OpenAI though, hard to say. They've lost all of the good will being the first mover gave them at this point, so they'll need to really lead product to make the economics work for them.

> Is it actually being sold at a steep discount? Anthropic CEO has stated they have high margins on inference, so training is the big cost center.

They're spending more than they're making. For the foreseeable future, saying "we could be profitable if we stopped training" if goofy, because they can't stop. If they do, no one will want to use their product because it will be overtaken by competitors within three months.

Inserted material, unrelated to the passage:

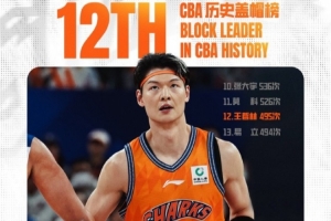 比賽進行到第二節(jié),王哲林送出個人本場第2次蓋帽。至此,王哲林CBA生涯蓋帽總數(shù)上升至495次,超越易立的494次,升至CBA歷史蓋帽榜第12位!
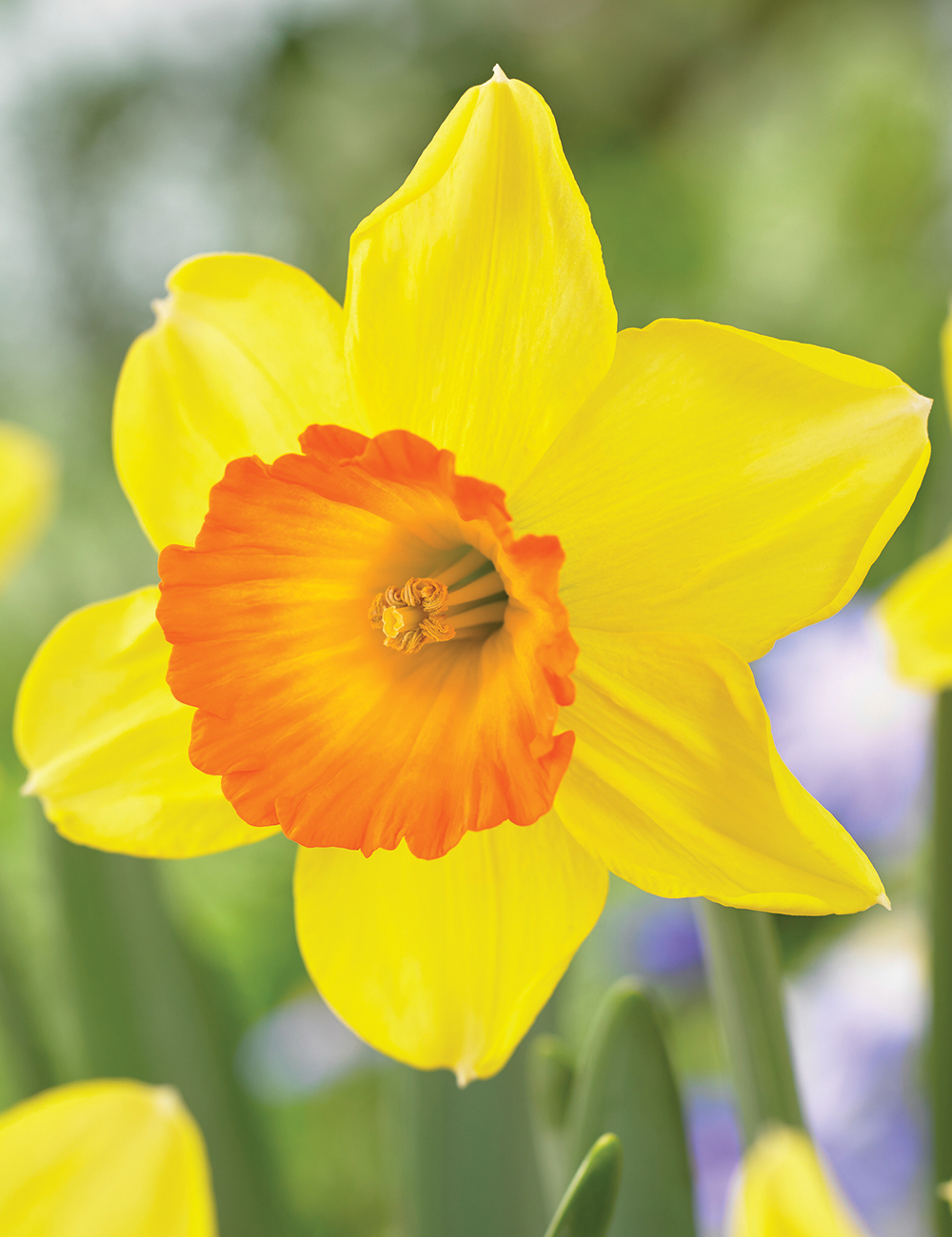 Bright yellow, slightly reflexed petals with a wide, open and frilled corona with a bold orange edge that softens towards the base. The petals have excellent substance, standing up to the weather and lasting well. Opens early to mid season.

I get it that in 10 years all of this might peak and we're gonna be content using old models, but that'll be a very different landscape and Anthropic might not be a part of it anymore if they don't start making money before that.

> I get it that in 10 years all of this might peak and we're gonna be content using old models

I would personally be happy using gpt 5.3 codex for the foreseeable future, with just improvements in harnesses

IMO we're already at the point where even if these company collapse and the models end up being sold at the cost of inference (no new training), we would be massively ahead

That's a perfectly valid approach if you can balance capex and revenue. Why stop and try to be profitable when the economy is giving you the liquidity to push that down the road?

Models are already super useful, but if you can make them more useful by burning cash people are willing to hand you, why not?

Well, training isn't going to end soon if these companies keep on competing with one another whilst being neck-and-neck, so I'm not sure why you would ignore the cost of training in the ROI calculation.
Does the cumulative earnings from inference on a single model exceed its training costs?

That’s.. kinda the question.

Amodei says yes - each model pays for its training. But they're scaling up investment for each new run, so they're still happily in the red.

And also that may be the case for Anthropic who have fewer free users, a large enterprise business, and less generous rate limits on their subscriptions. I don't know if OpenAI or Google have commented. I suspect OpenAI is in a worse position given their massive non-paying consumer base.

Then why are they stopping people from having multiple max plans? If they are making such good margins on inference.
They have good margins on inference at API costs, i.e. $5/$25 per mtok input/output. They are almost certainly making losses on subscriptions, at least if people max out rate limits.

In the past 30 days I have burned $78.19 in API token costs with my $20/month Claude Pro subscription. In January I burnt over $300 in API token costs.

Because the power users of the max plan are subsidized at the upper end of usage by people who don’t approach the per account limit. In other words, the power users are getting more than they pay for, because most people don’t reach that threshold. If you let the power users have dozens of accounts, it has a multiple effect on the proportion of accounts breaching the profitability line.
They are likely aiming to maximize reach/mindshare. Get as many people hooked as possible. More important than minor upside from a few multi-Max users.

EDIT: also, the casual or gym-style members that pay every month but barely use the service are of course very valuable wrt margins

>That is currently sold to them at deep discount by companies that are losing billions.

They're not losing billions on inference, they're losing billions in the arms race of training.